• [Problem to work on]: For this exercise, return exactly the lines of the material below that begin at the one with "White features as" and stop after the one with "حلقات دائرية مطاطية".

##### Provided information #####

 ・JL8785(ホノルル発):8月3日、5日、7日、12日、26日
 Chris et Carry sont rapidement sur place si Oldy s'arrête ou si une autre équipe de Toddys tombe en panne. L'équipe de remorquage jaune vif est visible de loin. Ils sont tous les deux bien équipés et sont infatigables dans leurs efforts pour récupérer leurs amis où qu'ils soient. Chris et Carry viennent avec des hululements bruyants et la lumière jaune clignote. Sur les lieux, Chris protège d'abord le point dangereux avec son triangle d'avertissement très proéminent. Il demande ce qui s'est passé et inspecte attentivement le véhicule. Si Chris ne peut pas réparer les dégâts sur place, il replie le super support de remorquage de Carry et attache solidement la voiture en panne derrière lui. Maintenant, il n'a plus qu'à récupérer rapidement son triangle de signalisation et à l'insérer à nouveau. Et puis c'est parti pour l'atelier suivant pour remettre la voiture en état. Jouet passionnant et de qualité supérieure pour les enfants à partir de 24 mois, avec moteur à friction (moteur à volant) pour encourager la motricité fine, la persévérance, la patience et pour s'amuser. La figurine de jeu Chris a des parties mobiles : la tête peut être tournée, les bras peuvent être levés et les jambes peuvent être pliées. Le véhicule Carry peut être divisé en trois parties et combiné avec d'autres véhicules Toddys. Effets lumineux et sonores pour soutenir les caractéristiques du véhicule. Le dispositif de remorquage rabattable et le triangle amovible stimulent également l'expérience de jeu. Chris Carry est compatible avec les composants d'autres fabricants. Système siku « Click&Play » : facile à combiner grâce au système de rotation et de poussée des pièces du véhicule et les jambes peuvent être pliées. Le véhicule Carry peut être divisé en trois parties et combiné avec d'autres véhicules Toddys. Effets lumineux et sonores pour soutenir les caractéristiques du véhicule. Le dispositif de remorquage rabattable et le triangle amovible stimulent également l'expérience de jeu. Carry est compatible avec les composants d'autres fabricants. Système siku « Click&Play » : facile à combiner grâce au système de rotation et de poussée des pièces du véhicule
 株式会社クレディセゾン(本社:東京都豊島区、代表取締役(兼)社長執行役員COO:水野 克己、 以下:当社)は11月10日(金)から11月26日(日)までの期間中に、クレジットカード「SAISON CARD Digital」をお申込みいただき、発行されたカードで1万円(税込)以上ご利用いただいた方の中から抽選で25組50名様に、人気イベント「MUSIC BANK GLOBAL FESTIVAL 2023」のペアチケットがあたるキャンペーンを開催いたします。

#####
##### Provided information #####

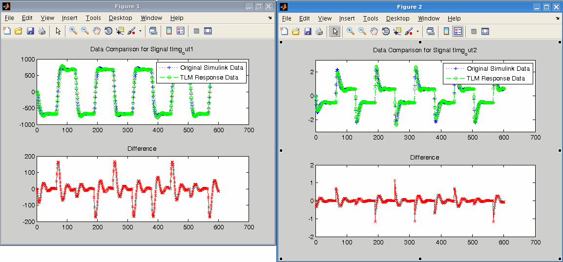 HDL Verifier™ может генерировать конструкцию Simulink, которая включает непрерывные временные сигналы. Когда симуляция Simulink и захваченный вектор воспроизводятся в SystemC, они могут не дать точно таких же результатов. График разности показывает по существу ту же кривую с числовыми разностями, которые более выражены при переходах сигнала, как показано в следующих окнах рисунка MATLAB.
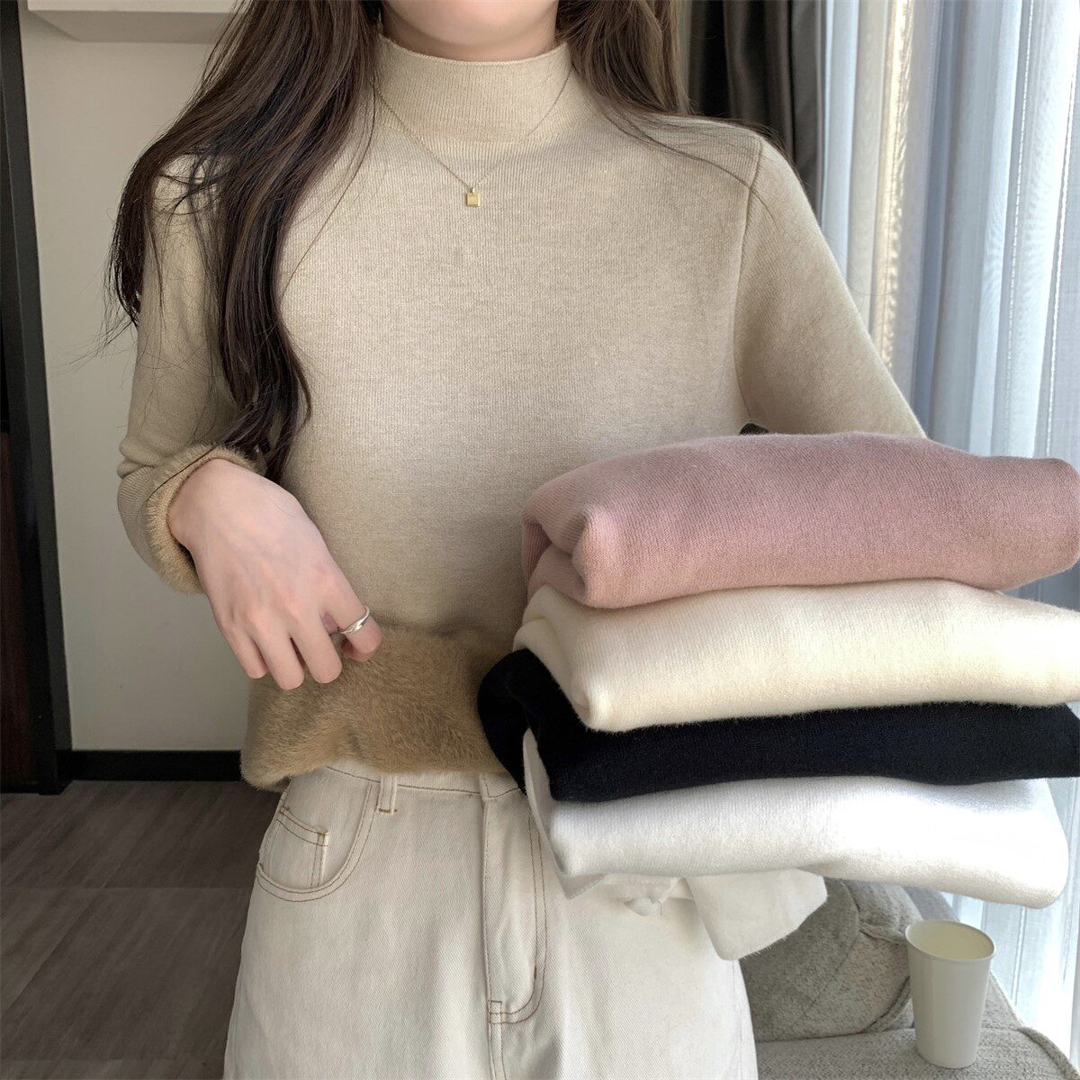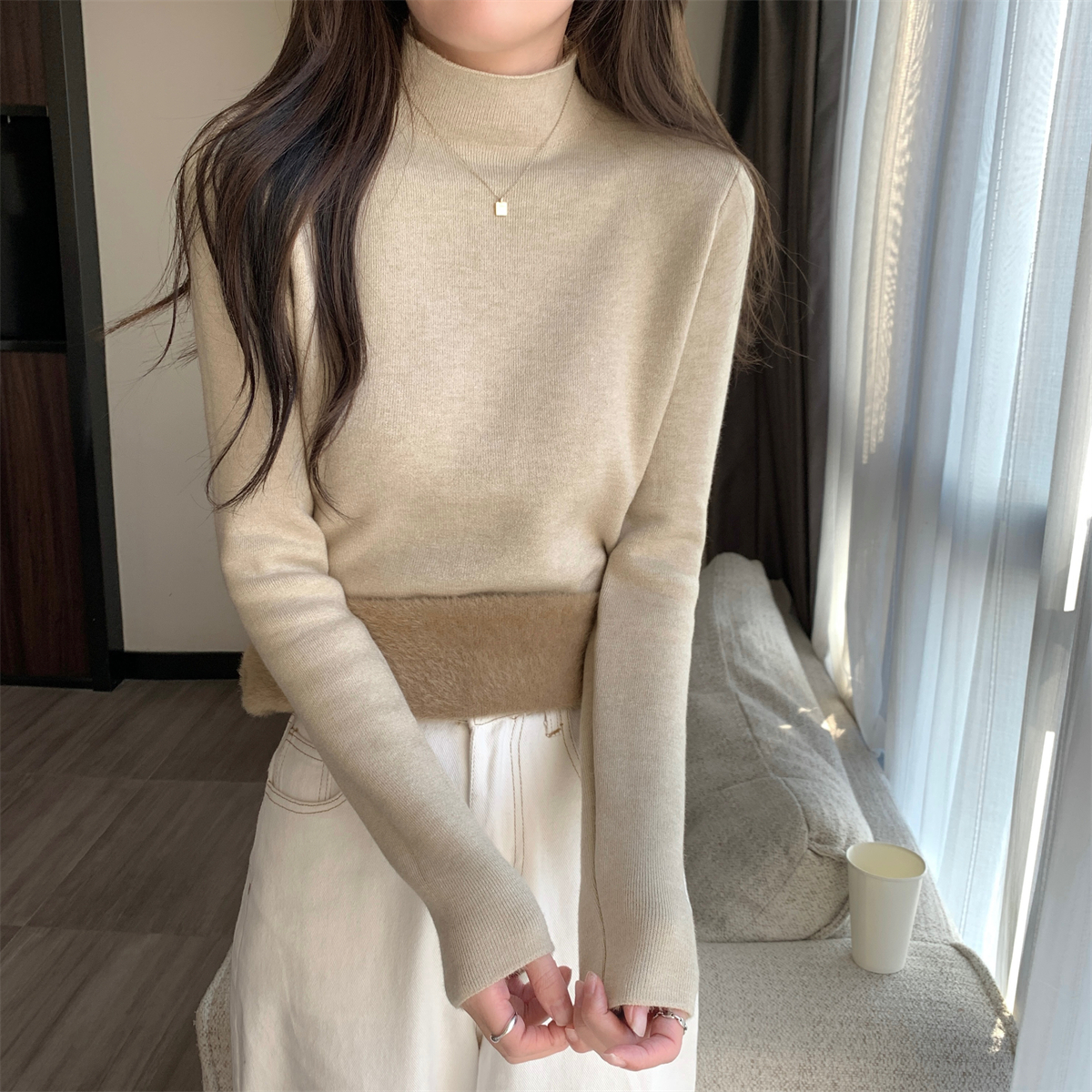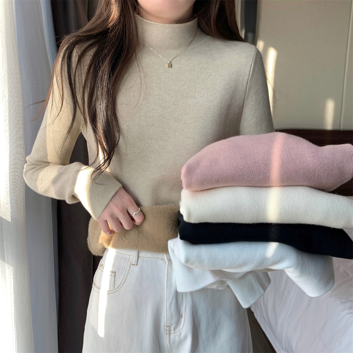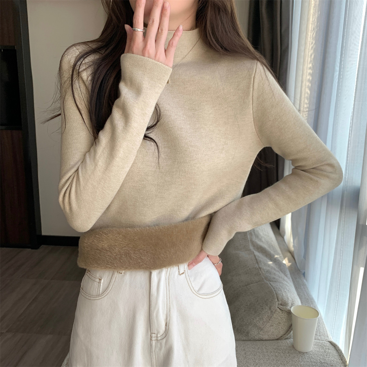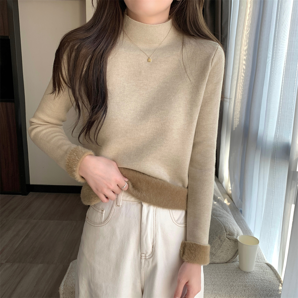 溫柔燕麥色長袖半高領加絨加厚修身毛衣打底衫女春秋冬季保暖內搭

#####
##### Provided information #####

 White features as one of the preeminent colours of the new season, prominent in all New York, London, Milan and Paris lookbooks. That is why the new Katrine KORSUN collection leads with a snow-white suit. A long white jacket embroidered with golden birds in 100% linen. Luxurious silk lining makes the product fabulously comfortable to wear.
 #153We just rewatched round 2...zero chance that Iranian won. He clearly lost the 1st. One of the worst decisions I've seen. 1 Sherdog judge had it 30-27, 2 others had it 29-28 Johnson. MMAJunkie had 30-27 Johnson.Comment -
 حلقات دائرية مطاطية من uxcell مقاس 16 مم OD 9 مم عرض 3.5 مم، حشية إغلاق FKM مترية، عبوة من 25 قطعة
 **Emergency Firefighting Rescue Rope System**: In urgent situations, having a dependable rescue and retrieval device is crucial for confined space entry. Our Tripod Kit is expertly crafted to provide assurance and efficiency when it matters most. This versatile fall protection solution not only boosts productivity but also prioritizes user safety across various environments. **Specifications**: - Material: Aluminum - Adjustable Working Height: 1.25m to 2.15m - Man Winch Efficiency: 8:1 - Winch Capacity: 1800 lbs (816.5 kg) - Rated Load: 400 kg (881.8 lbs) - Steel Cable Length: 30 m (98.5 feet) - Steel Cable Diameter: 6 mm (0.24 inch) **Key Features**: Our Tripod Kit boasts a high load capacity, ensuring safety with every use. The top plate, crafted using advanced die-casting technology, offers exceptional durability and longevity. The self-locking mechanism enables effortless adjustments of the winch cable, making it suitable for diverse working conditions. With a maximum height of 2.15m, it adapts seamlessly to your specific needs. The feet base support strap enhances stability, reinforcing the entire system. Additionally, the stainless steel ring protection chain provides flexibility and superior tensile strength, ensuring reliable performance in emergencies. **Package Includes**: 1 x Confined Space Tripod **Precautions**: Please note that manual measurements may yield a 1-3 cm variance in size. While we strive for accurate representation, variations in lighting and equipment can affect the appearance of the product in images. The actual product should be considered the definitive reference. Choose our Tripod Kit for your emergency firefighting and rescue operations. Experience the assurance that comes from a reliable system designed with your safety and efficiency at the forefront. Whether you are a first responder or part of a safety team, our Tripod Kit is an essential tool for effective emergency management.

#####

• [Response to the exercise]:
 White features as one of the preeminent colours of the new season, prominent in all New York, London, Milan and Paris lookbooks. That is why the new Katrine KORSUN collection leads with a snow-white suit. A long white jacket embroidered with golden birds in 100% linen. Luxurious silk lining makes the product fabulously comfortable to wear.
 #153We just rewatched round 2...zero chance that Iranian won. He clearly lost the 1st. One of the worst decisions I've seen. 1 Sherdog judge had it 30-27, 2 others had it 29-28 Johnson. MMAJunkie had 30-27 Johnson.Comment -
 حلقات دائرية مطاطية من uxcell مقاس 16 مم OD 9 مم عرض 3.5 مم، حشية إغلاق FKM مترية، عبوة من 25 قطعة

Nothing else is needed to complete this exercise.